When Harry had woken, it was to an empty room.

She did not know it, but her friends were safe. Hermione was with her mother, Neville and Luna had gone for a walk, Ginny was nicking food from the kitchens, and Ron was in the bathroom.

However, years of living on the edge caused her to assume the worst, and when strange adults had entered the room, she struck first, asked questions later.

She didn't know that they were simply aurors, arriving to take official statements on the happenings of that weekend.

Harry had won that fight easily, wordlessly casting expelliarmus, and then using their own wands to stun them. Really she thought, if deatheaters were going to kidnap her they might as well be competent. Contrary to popular belief, she did not beat Voldy with luck.

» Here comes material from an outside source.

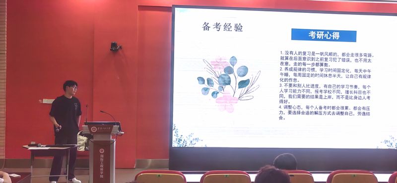 为助力22级电子专业学生明确考研方向、掌握高效备考方法,提升考研成功率,512日下午4点,一场干货满满的电子专业考研经验分享会在梦溪报告厅顺利举行。本次分享会特别邀请了21级成功上岸的优秀学子作为主讲嘉宾,吸引了22级电子专业众多有考研意向的同学踊跃参与,现场气氛热烈分享会由电子系教师党支部书记王世芳主持。

Her next move was to take stock of the situation. It looked like the hospital wing at Hogwarts, but that couldn't be possible, both because the wards she had helped cast on Hogwarts would not allow in anyone with a dark mark, and also because they were still in the process of rebuilding the hospital wing.

Before she could decide on a course of action however, three more adults had entered the room, one of whom she knew to be dead. Naturally, she began to duel them.

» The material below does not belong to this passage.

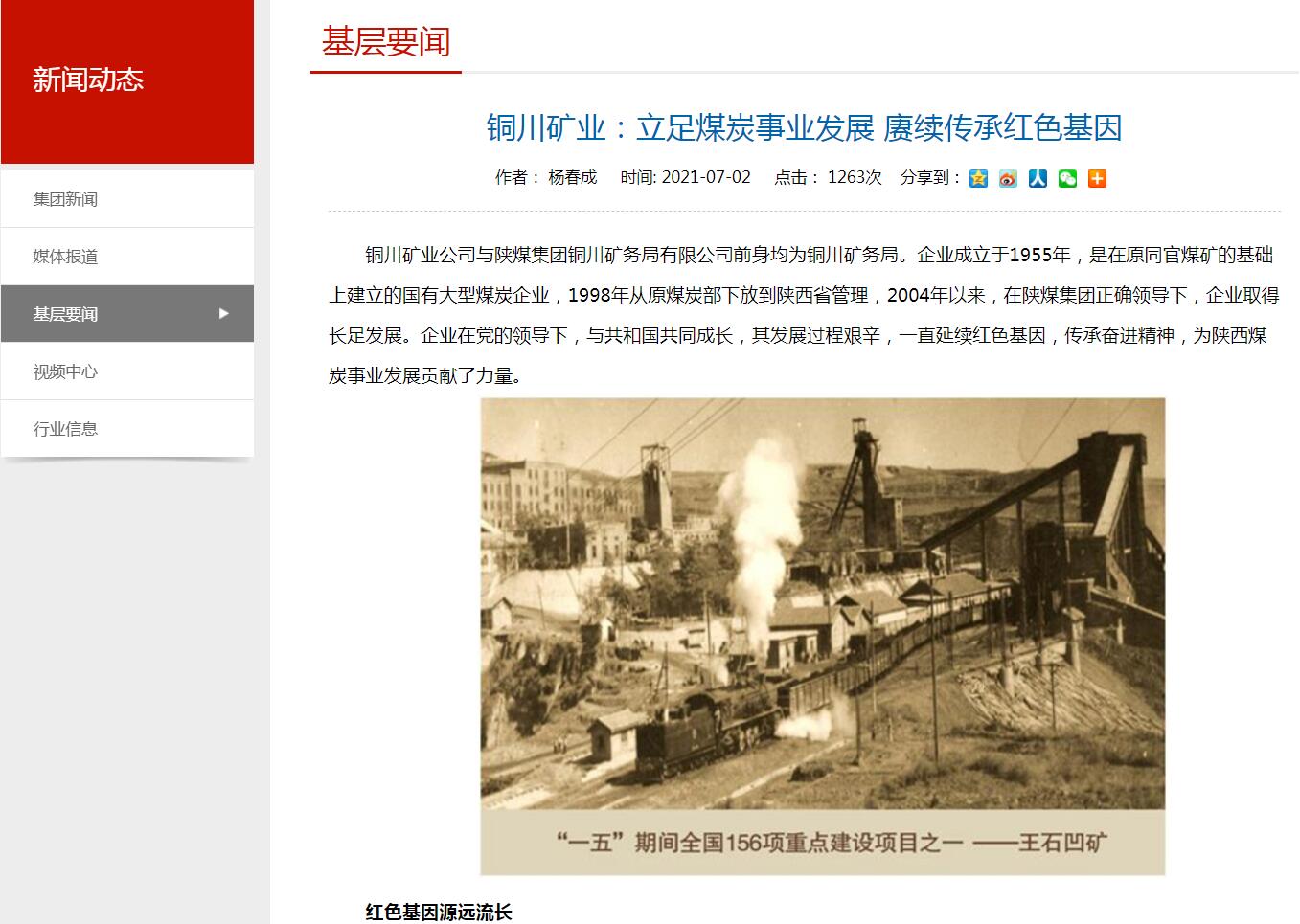 銅川礦業(yè)公司與陜煤集團銅川礦務(wù)局有限公司前身均為銅川礦務(wù)局。企業(yè)成立于1955年,是在原同官煤礦的基礎(chǔ)上建立的國有大型煤炭企業(yè),1998年從原煤炭部下放到陜西省管理,2004年以來,在陜煤集團正確領(lǐng)導(dǎo)下,企業(yè)取得長足發(fā)展。企業(yè)在黨的領(lǐng)導(dǎo)下,與共和國共同成長,其發(fā)展過程艱辛,一直延續(xù)紅色基因,傳承奮進精神,為陜西煤炭事業(yè)發(fā)展貢獻了力量。

At first, the Minerva, Sirius, and Pomona didn't know how to respond, as Dumbledore had assured them that these kids were safe. But after a reducto curse missed Black by less than an inch, they began to duel in earnest.

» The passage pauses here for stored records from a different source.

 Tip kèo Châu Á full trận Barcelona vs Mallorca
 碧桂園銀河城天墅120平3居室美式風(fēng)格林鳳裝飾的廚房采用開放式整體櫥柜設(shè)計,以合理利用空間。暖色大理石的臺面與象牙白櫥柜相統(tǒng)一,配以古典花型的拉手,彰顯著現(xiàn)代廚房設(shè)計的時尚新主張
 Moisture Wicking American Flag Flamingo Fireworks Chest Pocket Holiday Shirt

Harry centered on the one at the front of the group. It was one thing to kidnap her, it was another to mock her by transforming into her dead godfather.

"Please, we don't want to hurt you!" her pseudo-godfather yelled.

"I suppose you kidnapped me for shits and giggles then?"

"We didn't kidnap you! We don't even know who you are!"

Right, she still had on the glamour she wore twenty-four seven, as defense against this sort of situation. It didn't matter though, whether they knew her true identity or not, she wasn't going to wait around

She hit the deatheater with a slicing curse, tearing a painful but superficial gash above his knee.

"Sirius!" came the cry from the doorway.

Harry turned ready to take out whoever the newcomer was, but stopped short when she saw the face of her long dead mother.

"Stupefy!"

When Harry woke up for the second time, she was bound and blindfolded. That would make escaping harder, but not impossible. She tried summoning the nearest wand, but none came to her. Next, she tried to use a simple cutting charm on the ropes binding her, but found it ineffective.

"You've got a potion in your system suppressing your magic. If you agree to behave, we may ween you off it. If not, it's an experimental potion, and I'm just dying to figure out the side effects of long term usage."

Harry knew that drawing voice, and snarky humor. She also knew it couldn't be him.

"Go to hell."

"Fine." She heard a door open and snick closed.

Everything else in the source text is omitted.